* **Directions**:
Should pictures appear among the records, leave them out, and copy exactly only the lines from the first through the one with "21. Basimov M.", inclusive.

* **Given information**:
————

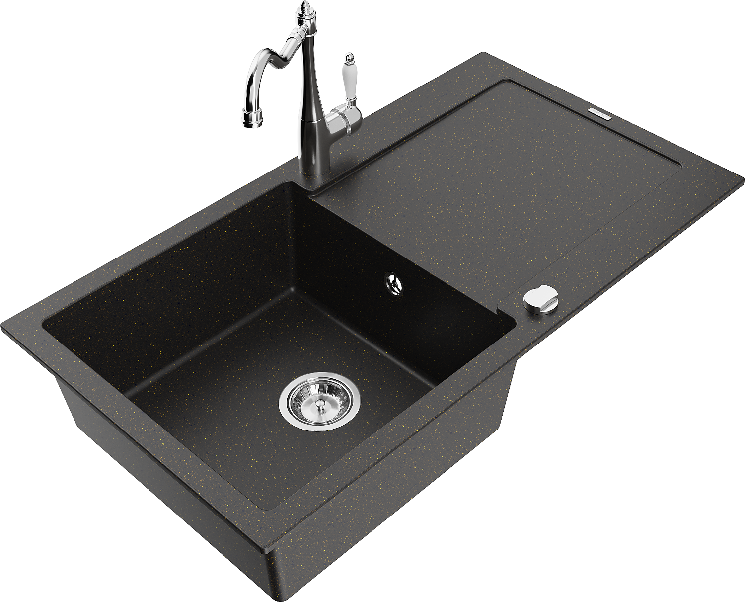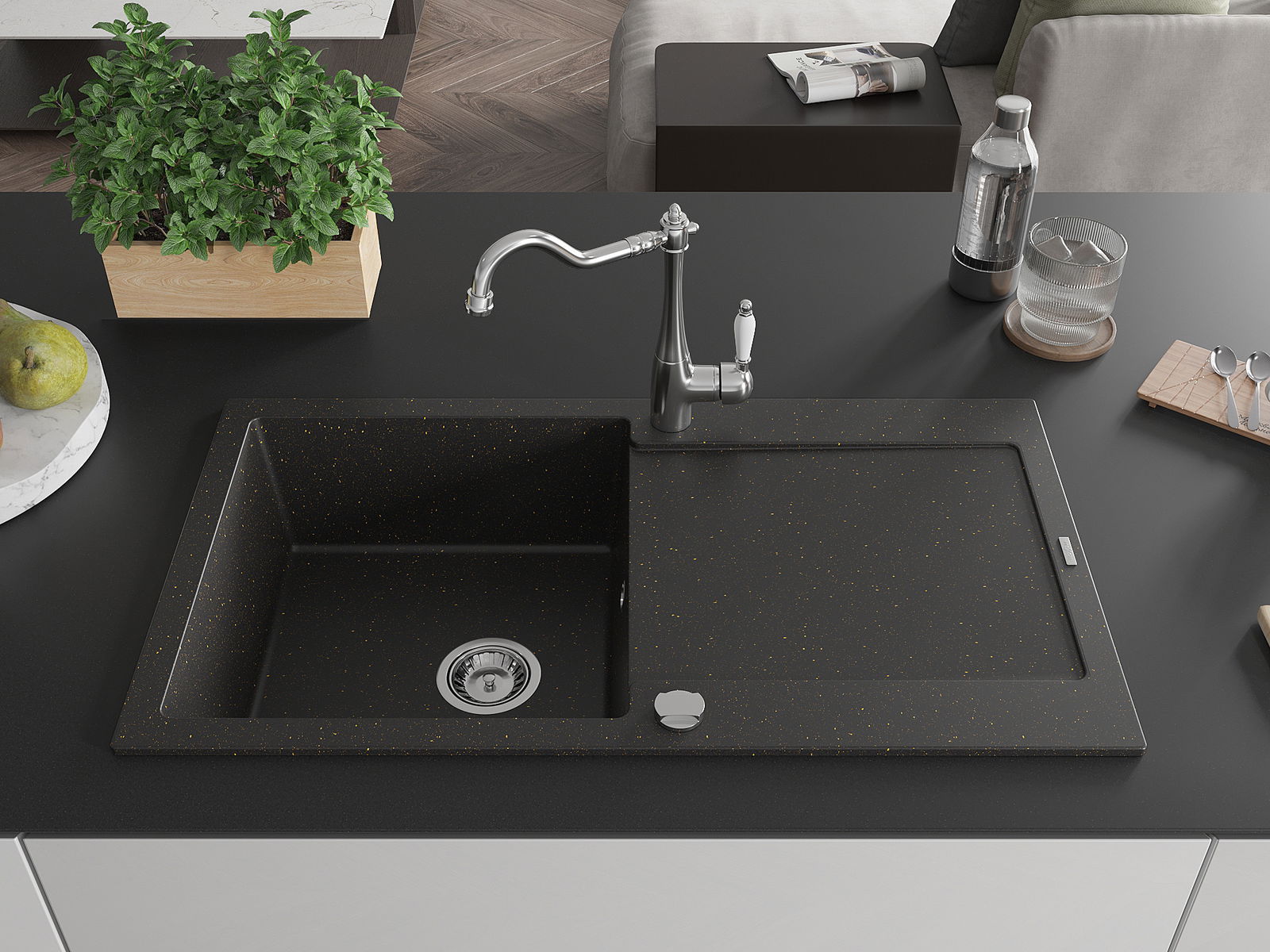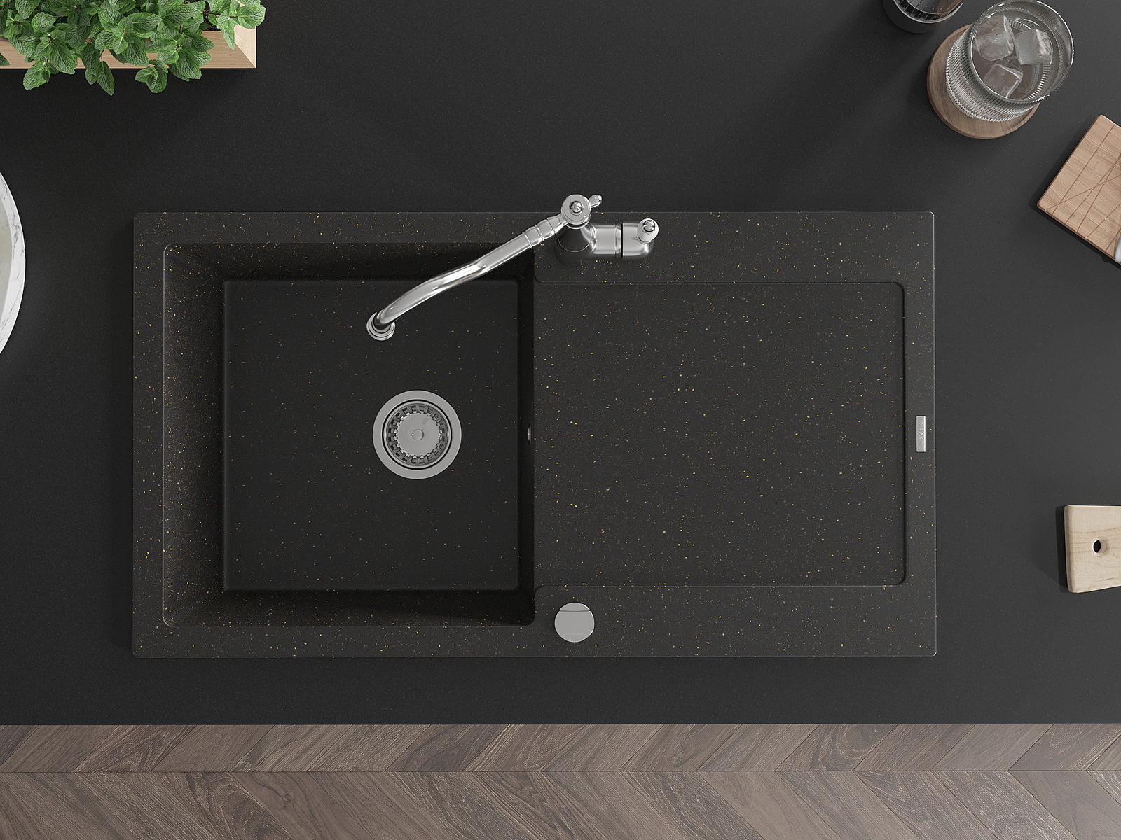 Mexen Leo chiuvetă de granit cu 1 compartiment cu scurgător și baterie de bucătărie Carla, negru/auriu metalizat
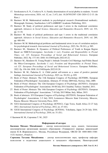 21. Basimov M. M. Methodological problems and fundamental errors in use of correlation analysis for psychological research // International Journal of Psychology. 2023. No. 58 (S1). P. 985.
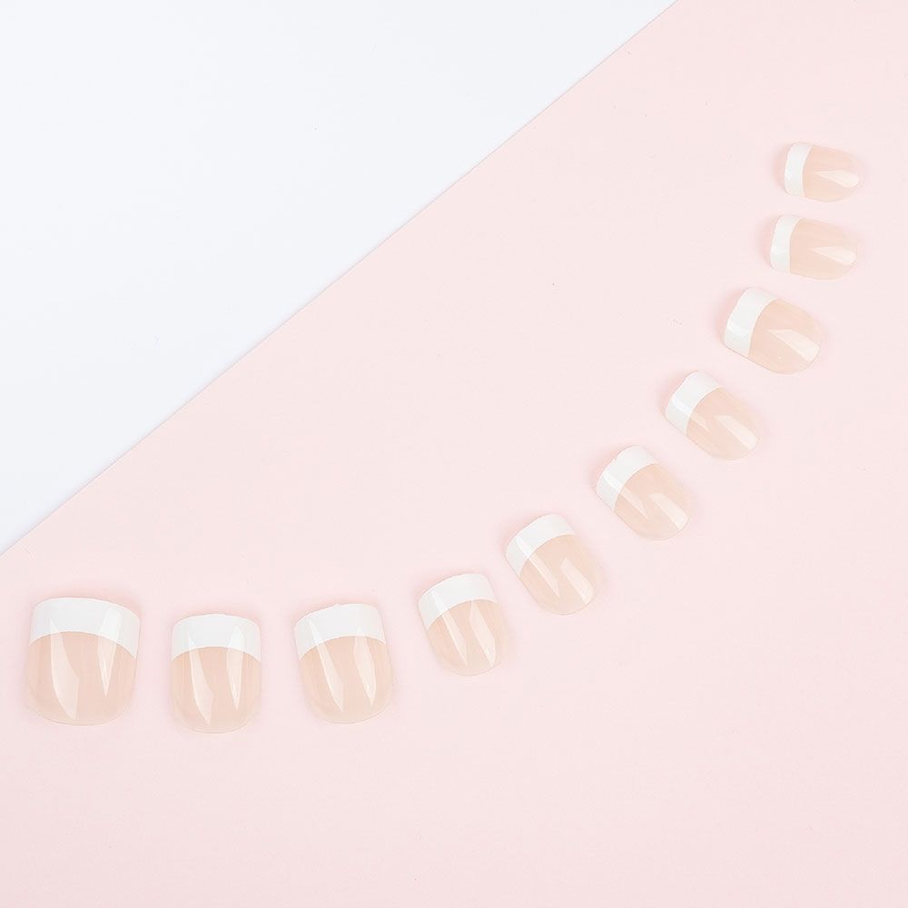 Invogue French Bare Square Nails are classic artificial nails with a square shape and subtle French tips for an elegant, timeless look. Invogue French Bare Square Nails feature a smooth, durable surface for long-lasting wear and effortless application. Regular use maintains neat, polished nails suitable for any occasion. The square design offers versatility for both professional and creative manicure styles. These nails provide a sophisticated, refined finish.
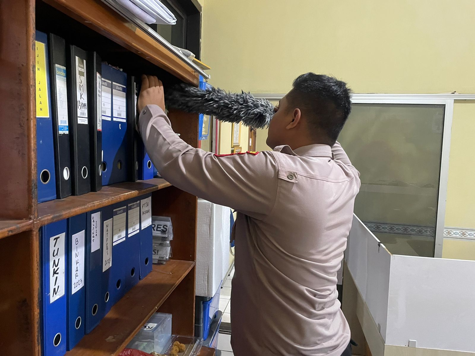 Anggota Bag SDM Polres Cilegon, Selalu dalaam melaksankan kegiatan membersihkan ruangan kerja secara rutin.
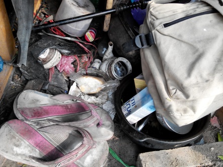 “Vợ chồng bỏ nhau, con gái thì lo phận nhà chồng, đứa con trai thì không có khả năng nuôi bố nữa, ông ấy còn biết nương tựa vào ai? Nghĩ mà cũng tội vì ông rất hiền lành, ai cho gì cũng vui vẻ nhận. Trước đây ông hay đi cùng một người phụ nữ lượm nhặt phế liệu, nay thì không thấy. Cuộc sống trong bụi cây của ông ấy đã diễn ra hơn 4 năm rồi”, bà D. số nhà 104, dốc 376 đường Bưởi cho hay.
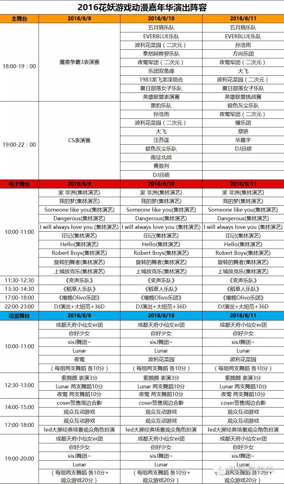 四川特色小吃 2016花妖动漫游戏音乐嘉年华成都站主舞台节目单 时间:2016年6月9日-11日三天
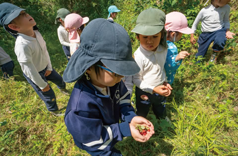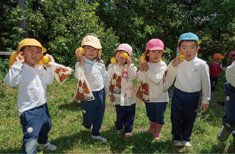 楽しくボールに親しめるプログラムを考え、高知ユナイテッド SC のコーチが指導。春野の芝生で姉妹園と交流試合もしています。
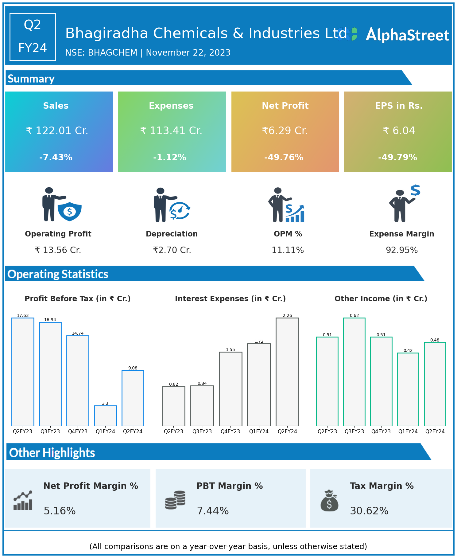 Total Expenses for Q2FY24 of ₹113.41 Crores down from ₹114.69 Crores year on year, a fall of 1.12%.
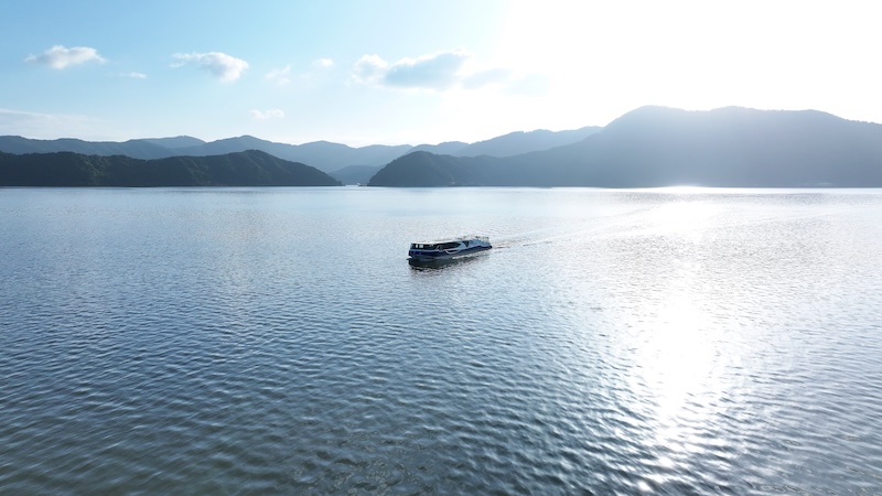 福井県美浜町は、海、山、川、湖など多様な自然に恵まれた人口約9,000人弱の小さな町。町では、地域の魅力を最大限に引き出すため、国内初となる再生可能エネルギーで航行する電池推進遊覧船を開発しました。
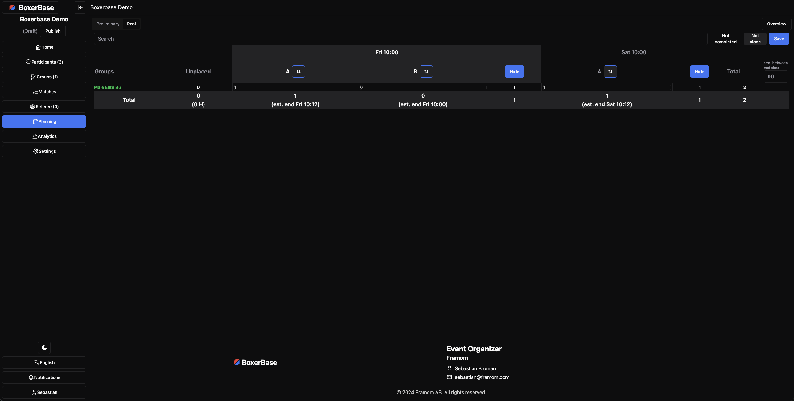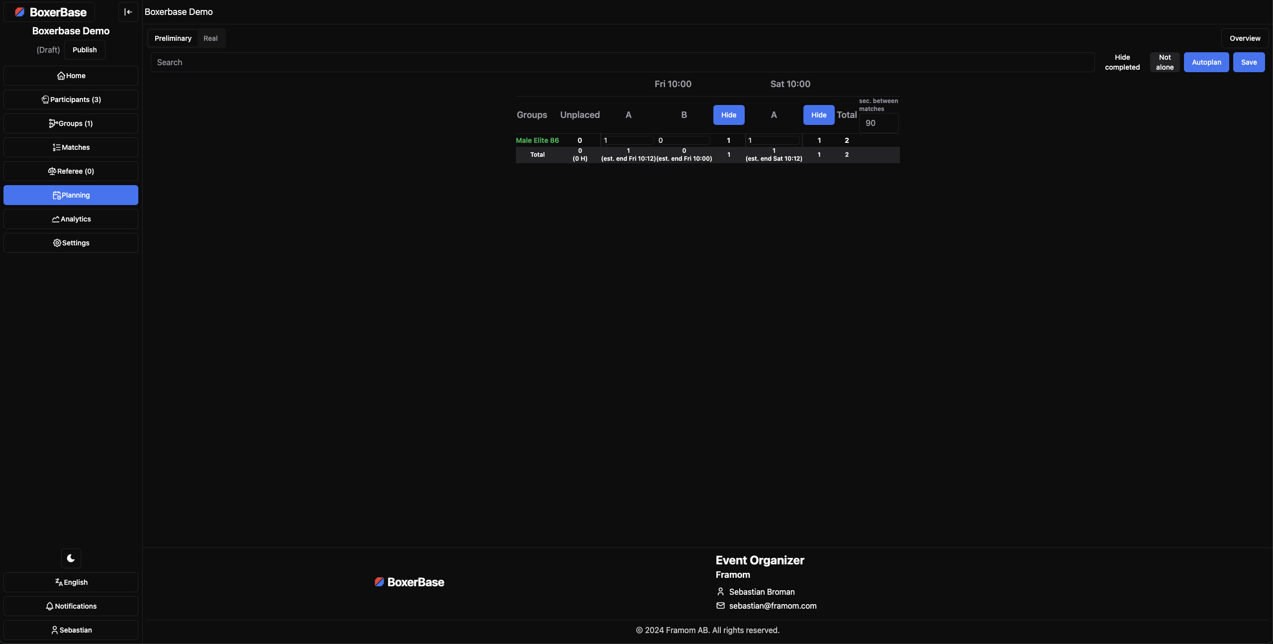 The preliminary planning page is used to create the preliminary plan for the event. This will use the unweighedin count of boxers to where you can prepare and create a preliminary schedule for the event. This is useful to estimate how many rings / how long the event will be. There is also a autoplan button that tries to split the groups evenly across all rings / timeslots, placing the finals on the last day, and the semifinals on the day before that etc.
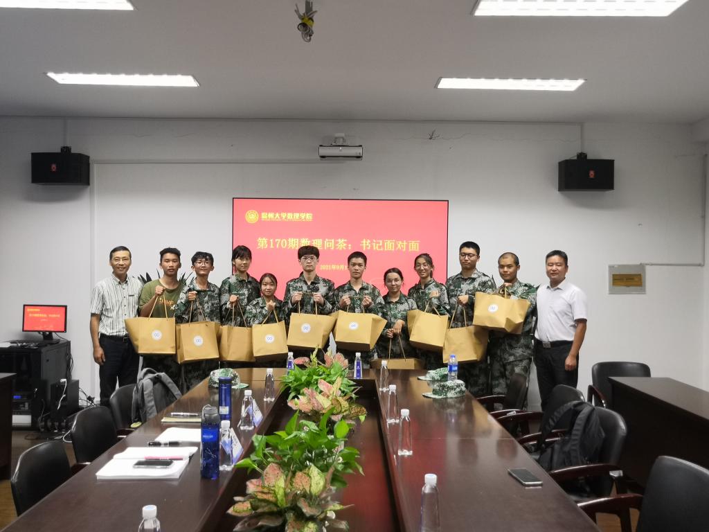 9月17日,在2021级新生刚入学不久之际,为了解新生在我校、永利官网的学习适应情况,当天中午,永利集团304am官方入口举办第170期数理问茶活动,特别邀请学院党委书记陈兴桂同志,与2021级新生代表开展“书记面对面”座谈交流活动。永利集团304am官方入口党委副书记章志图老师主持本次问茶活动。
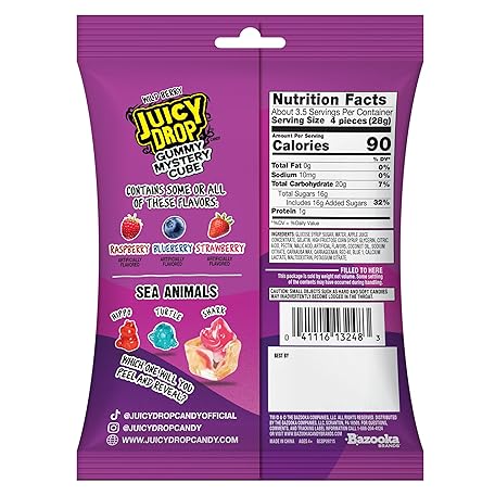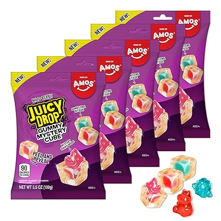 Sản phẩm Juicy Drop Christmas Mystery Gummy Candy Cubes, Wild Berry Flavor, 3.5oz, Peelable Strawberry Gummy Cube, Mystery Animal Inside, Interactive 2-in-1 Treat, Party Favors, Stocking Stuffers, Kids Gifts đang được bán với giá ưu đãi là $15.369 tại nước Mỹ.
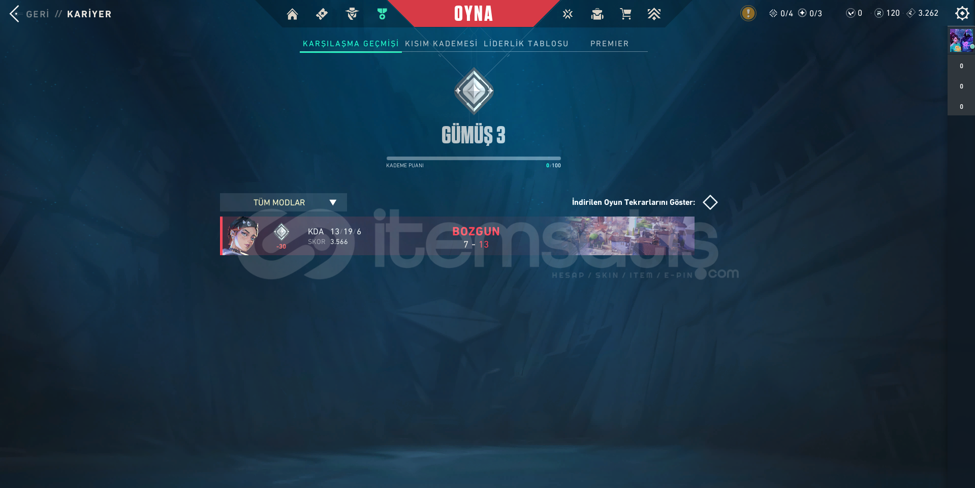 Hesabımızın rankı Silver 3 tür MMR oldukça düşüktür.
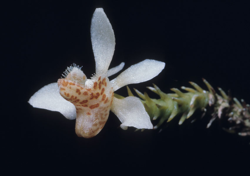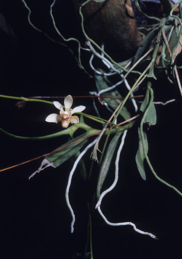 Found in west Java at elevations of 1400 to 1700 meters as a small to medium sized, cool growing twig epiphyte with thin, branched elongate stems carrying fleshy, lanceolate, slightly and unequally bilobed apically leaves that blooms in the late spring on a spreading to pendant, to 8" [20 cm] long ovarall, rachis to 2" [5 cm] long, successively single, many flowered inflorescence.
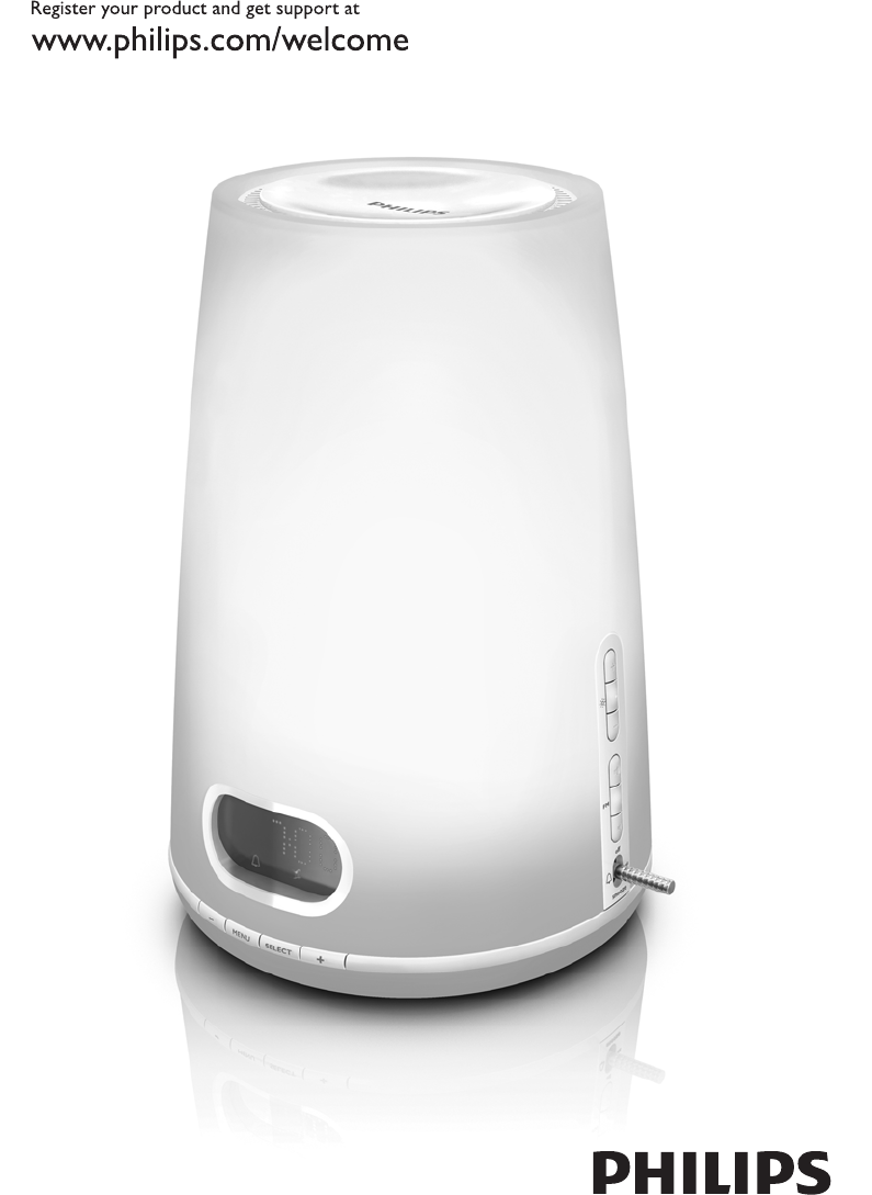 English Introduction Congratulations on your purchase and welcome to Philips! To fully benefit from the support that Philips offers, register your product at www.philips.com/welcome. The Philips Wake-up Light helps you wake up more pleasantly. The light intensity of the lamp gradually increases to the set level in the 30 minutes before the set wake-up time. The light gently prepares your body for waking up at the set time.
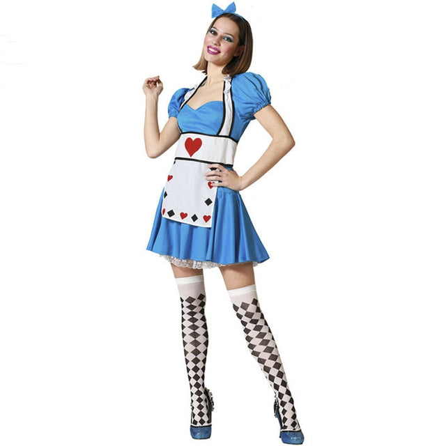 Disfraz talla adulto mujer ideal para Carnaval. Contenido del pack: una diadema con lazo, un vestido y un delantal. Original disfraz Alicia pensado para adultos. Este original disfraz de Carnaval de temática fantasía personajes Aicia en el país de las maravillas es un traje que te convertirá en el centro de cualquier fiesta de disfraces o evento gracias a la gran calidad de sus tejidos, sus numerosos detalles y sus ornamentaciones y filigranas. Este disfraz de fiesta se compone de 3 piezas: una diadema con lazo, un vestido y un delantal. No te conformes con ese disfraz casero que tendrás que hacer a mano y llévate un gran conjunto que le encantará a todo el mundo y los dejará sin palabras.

————

* **Response for this exercise**:
 Mexen Leo chiuvetă de granit cu 1 compartiment cu scurgător și baterie de bucătărie Carla, negru/auriu metalizat
 21. Basimov M. M. Methodological problems and fundamental errors in use of correlation analysis for psychological research // International Journal of Psychology. 2023. No. 58 (S1). P. 985.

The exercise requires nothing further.